Assess Your LLM Quality With Scorecard’s Metrics
Scorecard’s metric system is organized into three main components:- Metrics: Individual evaluation criteria that assess specific aspects of your LLM’s performance
- Metric Groups: Collections of related metrics for comprehensive evaluation
- Templates: Pre-built metric configurations you can copy and customize
Metric Templates
Our Scorecard Core Metrics represent industry-standard benchmarks for LLM performance, validated by our team of evaluation experts.
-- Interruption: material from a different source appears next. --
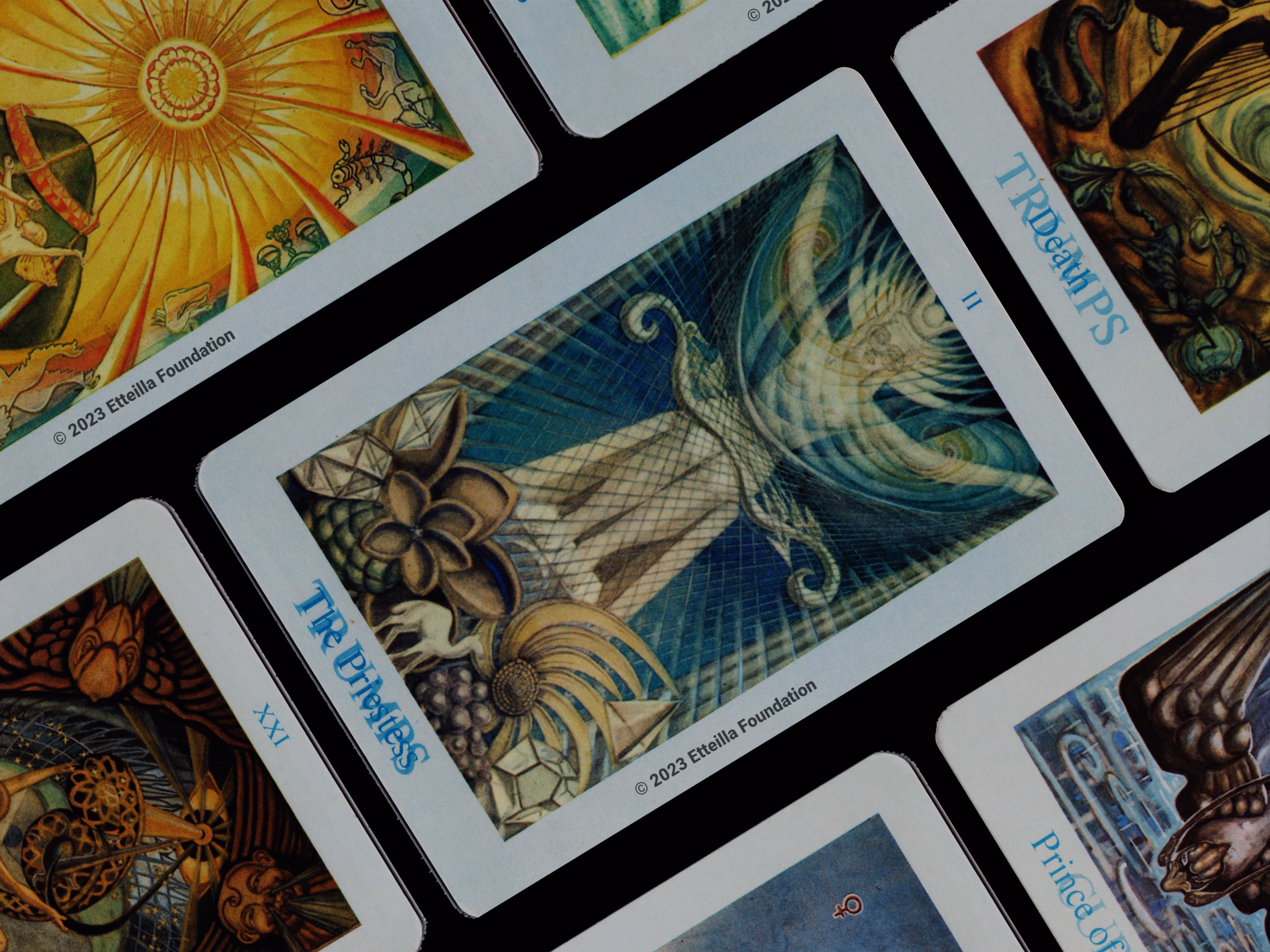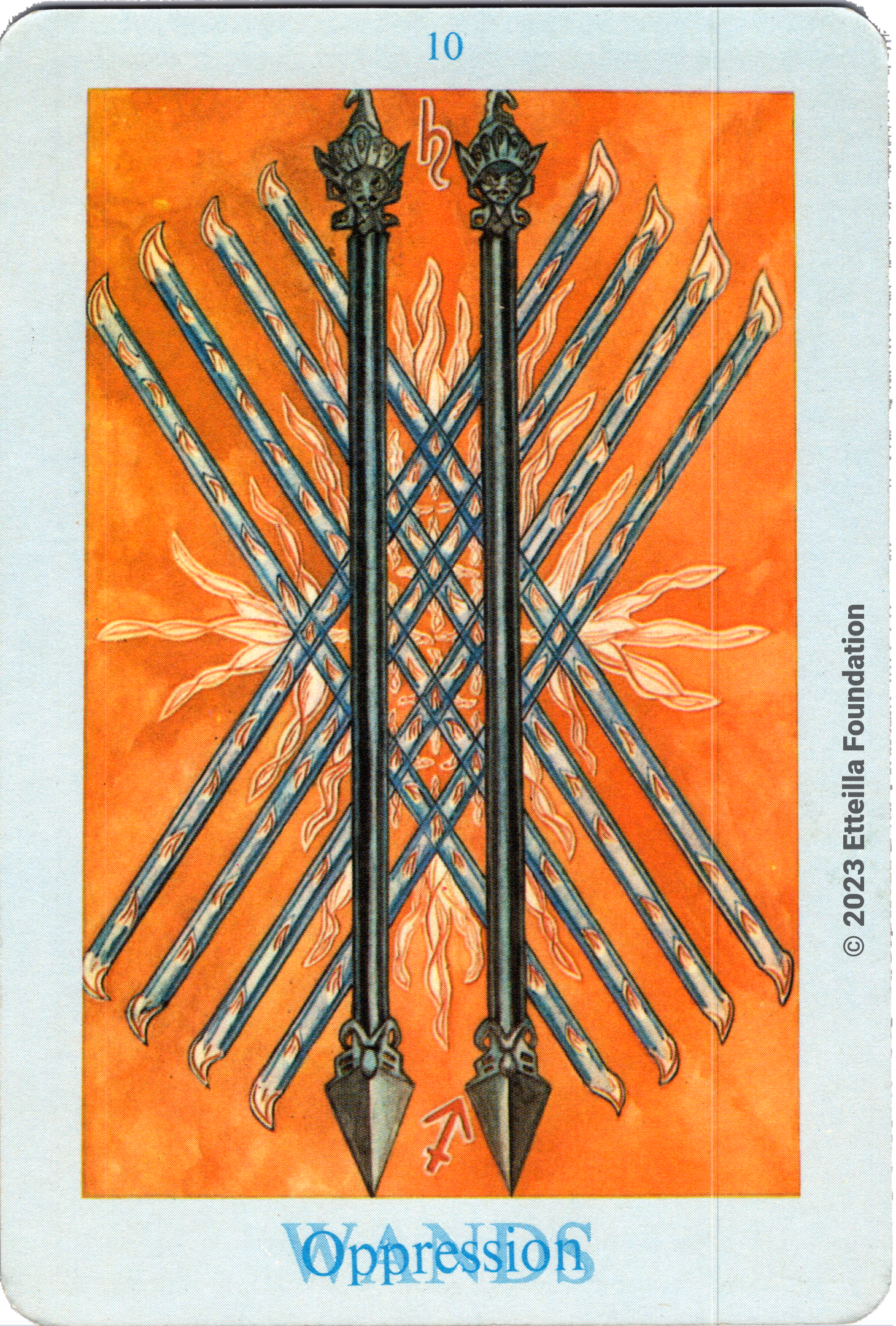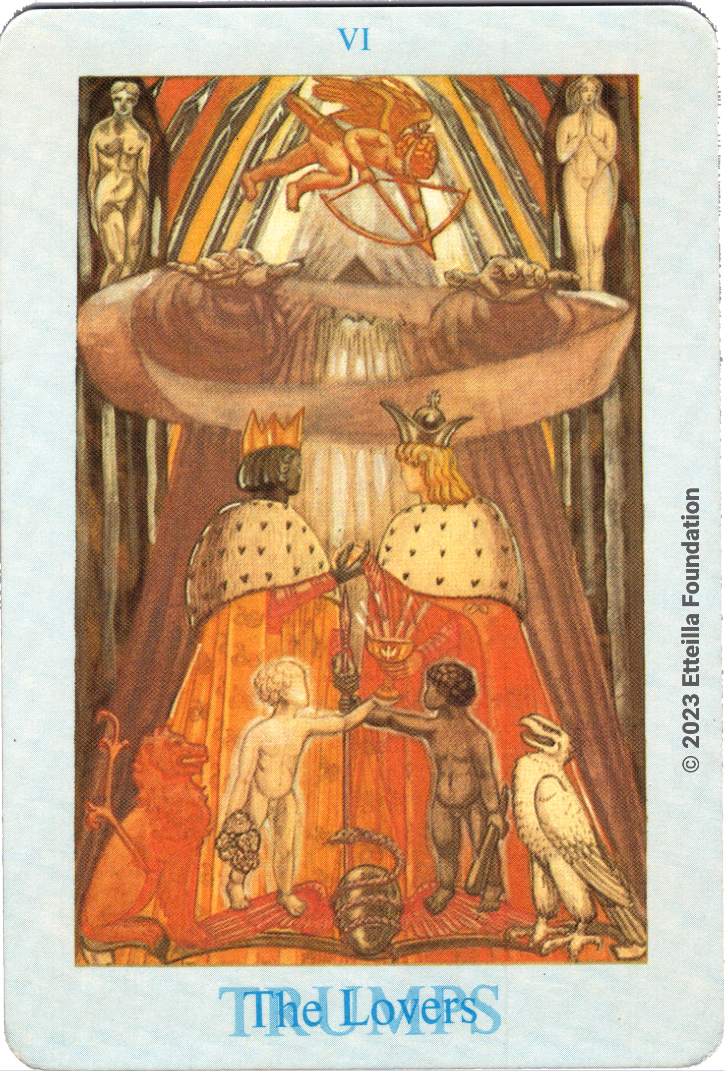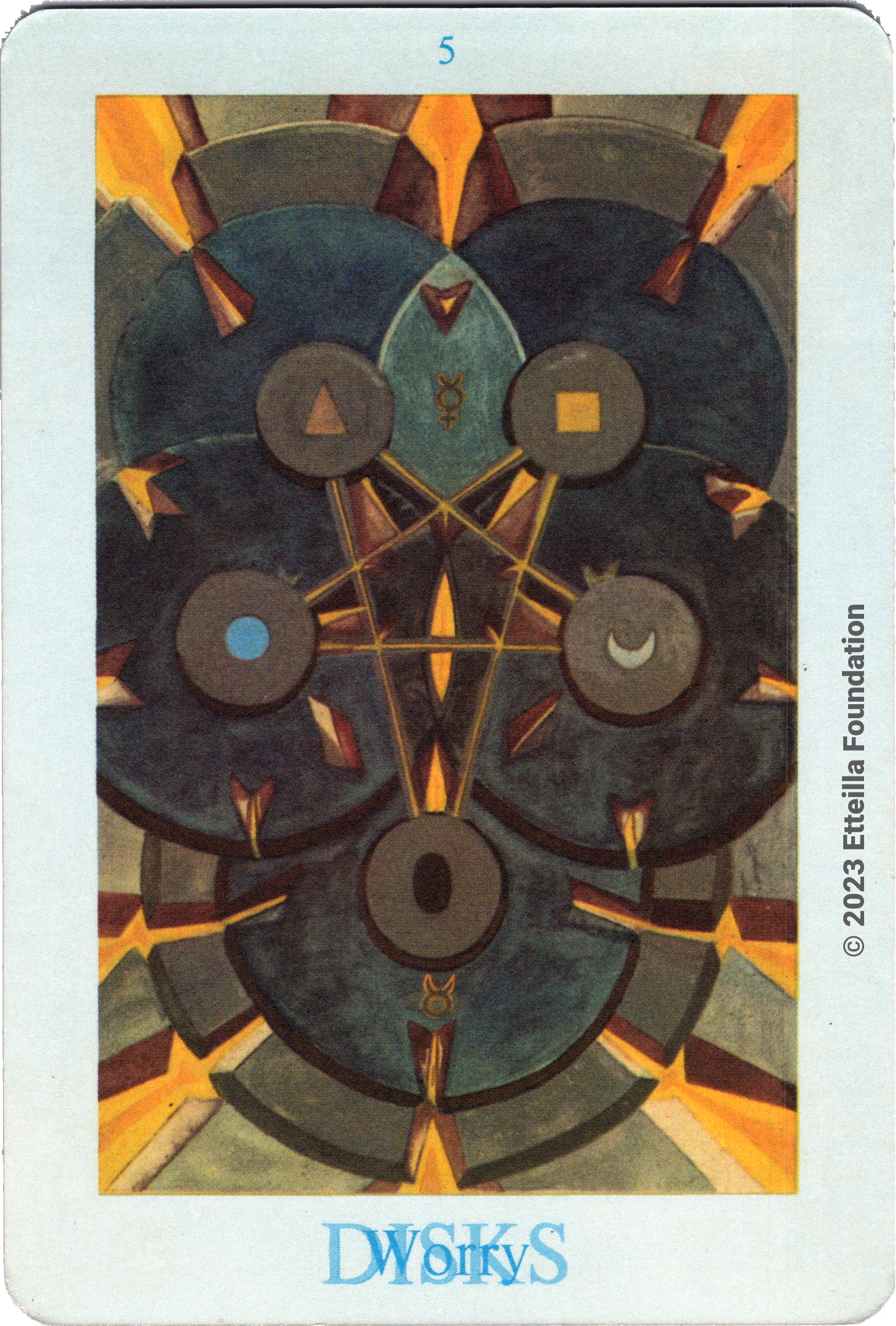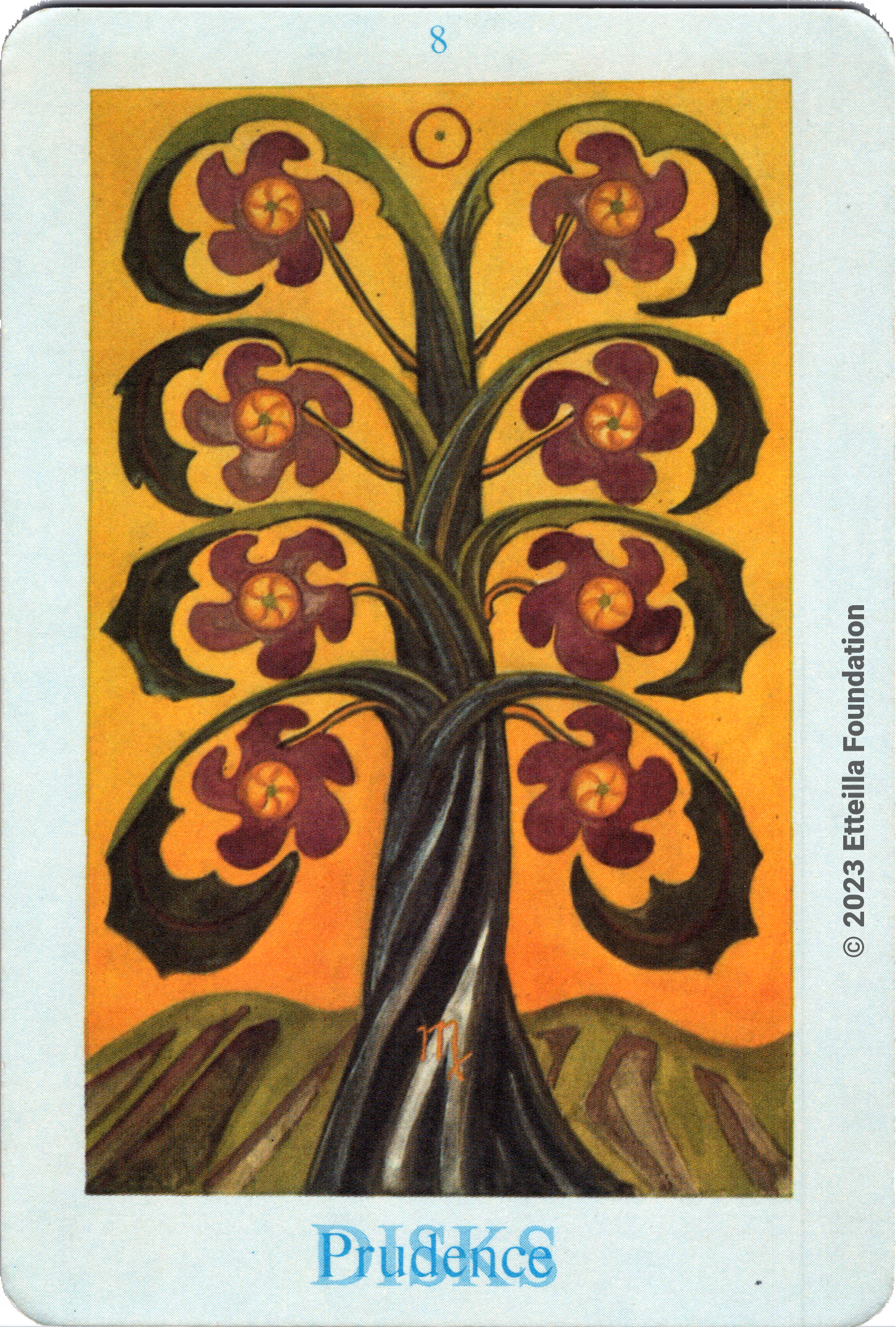 The Thoth Tarot which features very unique card designs and artistic direction is a collaboration between the famous occultist Aleister Crowley who designed the deck, and Lady Frieda Harris who painted the illustrations. This very popular divination tarot created between 1938 and 1943 is notable for having major arcana re-ordered and renamed to allow what Crowley calls the “double zodiac loop” for tarot reading. We note that the suit of disks replace the suit of pentacles found in the Waite-Smith decks and many cards have different names. In particular the Knights replace the Kings, The Knights become the Princes and the Pages are replaced by the Princesses.This version, commonly referred as A1, which was the first colored version printed by Llewellyn in Hong Hong circa 1967 is highly recognizable due to two printing mistakes: The 8 of Cups doesn’t have a number at the top and the Ace of Disk illustration is printed upside-down. All colored versions of the Toth decks are believed to be derived from the prints included in the original limited edition of the Toth book printed by Crowley circa 1944 not Frieda original paintings. Our deck is complete, in mint condition and come with its box.

Explore these templates on the Metrics page under “Templates”.



MLflow-Inspired Metrics
Scorecard provides support for MLflow-style metrics with additional capabilities like aggregation, A/B comparison, and iteration. Available metrics include:- Relevance: Evaluates how well the response aligns with the input and context
- Answer Relevance: Assesses relevance and applicability to the specific query
- Faithfulness: Measures factual consistency with provided context
- Answer Correctness: Evaluates accuracy against ground truth
- Answer Similarity: Assesses semantic similarity to expected responses
RAGAS-Inspired Metrics for RAG Pipelines
Scorecard provides RAGAS-style metrics for evaluating Retrieval Augmented Generation (RAG) systems: Component-Wise:- Faithfulness: Factual consistency with context
- Answer Relevancy: Pertinence to the prompt
- Context Recall: Retrieved context alignment with expected response
- Context Precision: Ranking of ground-truth relevant items
- Context Relevancy: Relevance of retrieved context to query
- Answer Semantic Similarity: Semantic resemblance to ground truth
- Answer Correctness: Accuracy compared to ground truth
Templates for common MLflow and RAGAS metrics are available under Templates. Copy a template (e.g., Relevance, Faithfulness) and tailor the guidelines to your domain.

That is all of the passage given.